The terms used herein have the following meanings alone or in combination with other terms.
“Alkyl” means a linear or branched alkyl group having 1 to 20 carbon atoms, preferably 1 to 10 carbon atoms, such as methyl, ethyl, n-propyl, isopropyl, n-butyl, isobutyl, sec-butyl, tert-butyl, n-pentyl, isopentyl, neopentyl, tert-pentyl, n-hexyl, isohexyl, n-heptyl, n-octyl, n-nonyl, n-decyl, etc. Can be mentioned. Preferred is alkyl having 1 to 6 carbon atoms, for example, methyl, ethyl, n-propyl, isopropyl, n-butyl, isobutyl, sec-butyl, tert-butyl, n-pentyl, isopentyl, neo Examples include pentyl, tert-pentyl, n-hexyl, and isohexyl. A lower alkyl having 1 to 6 carbon atoms is particularly preferred.

  “Alkenyl” means linear or branched alkenyl having 2 to 20 carbon atoms, preferably 2 to 8 carbon atoms, having one or more double bonds to the above “alkyl”. Examples include vinyl, 1-propenyl, 2-propenyl, 1-butenyl, 2-butenyl, 3-butenyl, 1,3-butadienyl, 3-methyl-2-butenyl and the like.

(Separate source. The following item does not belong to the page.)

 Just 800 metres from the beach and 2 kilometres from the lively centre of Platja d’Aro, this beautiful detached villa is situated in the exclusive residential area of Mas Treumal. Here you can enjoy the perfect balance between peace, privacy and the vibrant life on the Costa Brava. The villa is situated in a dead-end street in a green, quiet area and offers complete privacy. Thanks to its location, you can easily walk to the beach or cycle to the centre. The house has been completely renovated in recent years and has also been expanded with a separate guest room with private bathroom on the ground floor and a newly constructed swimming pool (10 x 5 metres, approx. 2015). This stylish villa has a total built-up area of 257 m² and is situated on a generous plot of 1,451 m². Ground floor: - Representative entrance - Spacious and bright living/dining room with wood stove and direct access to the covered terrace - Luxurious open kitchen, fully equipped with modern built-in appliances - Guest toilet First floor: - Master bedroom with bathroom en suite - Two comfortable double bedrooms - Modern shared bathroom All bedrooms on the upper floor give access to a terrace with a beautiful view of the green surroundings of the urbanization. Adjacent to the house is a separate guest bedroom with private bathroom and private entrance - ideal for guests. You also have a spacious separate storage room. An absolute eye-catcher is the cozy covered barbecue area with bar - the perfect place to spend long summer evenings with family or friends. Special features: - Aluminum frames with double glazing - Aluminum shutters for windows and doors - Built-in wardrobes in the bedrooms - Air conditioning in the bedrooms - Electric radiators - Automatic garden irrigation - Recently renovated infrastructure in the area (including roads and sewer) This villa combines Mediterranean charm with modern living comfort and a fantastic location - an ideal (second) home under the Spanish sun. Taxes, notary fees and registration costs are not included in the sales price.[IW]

  “Aryl” refers to monocyclic aromatic hydrocarbon groups (phenyl) and polycyclic aromatic hydrocarbon groups (eg 1-naphthyl, 2-naphthyl, 1-anthryl, 2-anthryl, 9-anthryl, 1-phenanthryl). , 2-phenanthryl, 3-phenanthryl, 4-phenanthryl, 9-phenanthryl and the like. Preferable is phenyl or naphthyl (1-naphthyl, 2-naphthyl).

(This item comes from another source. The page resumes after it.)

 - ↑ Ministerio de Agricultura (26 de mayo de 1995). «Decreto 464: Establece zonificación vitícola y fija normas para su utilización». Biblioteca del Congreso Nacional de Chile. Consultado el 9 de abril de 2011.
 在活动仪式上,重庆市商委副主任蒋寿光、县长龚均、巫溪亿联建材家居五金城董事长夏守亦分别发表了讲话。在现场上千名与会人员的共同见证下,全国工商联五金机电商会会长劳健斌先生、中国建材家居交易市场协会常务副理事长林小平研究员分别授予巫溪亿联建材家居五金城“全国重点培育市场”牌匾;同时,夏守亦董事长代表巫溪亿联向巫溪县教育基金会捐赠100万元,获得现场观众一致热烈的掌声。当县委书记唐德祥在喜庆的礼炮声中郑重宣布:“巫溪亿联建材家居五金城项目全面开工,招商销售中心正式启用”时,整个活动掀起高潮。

  “Alkynyl” means alkynyl having 2 to 20 carbon atoms, preferably 2 to 10 carbon atoms, having one or more triple bonds in the above alkyl. For example, ethynyl, 1-propynyl, 2-propynyl, 1 -Butynyl, 2-butynyl, 3-butynyl and the like.

“Alkoxy” means a linear or branched (chain) alkoxy group having 1 to 20 carbon atoms, such as a methoxy group, an ethoxy group, a propoxy group, an isopropoxy group, a butoxy group, an isobutoxy group, sec -Butoxy group, tert-butoxy group, pentyloxy group, hexyloxy group, octadecanoxy group, allyloxy group and the like. C ₁ -C ₆ linear or branched lower alkoxy is preferred.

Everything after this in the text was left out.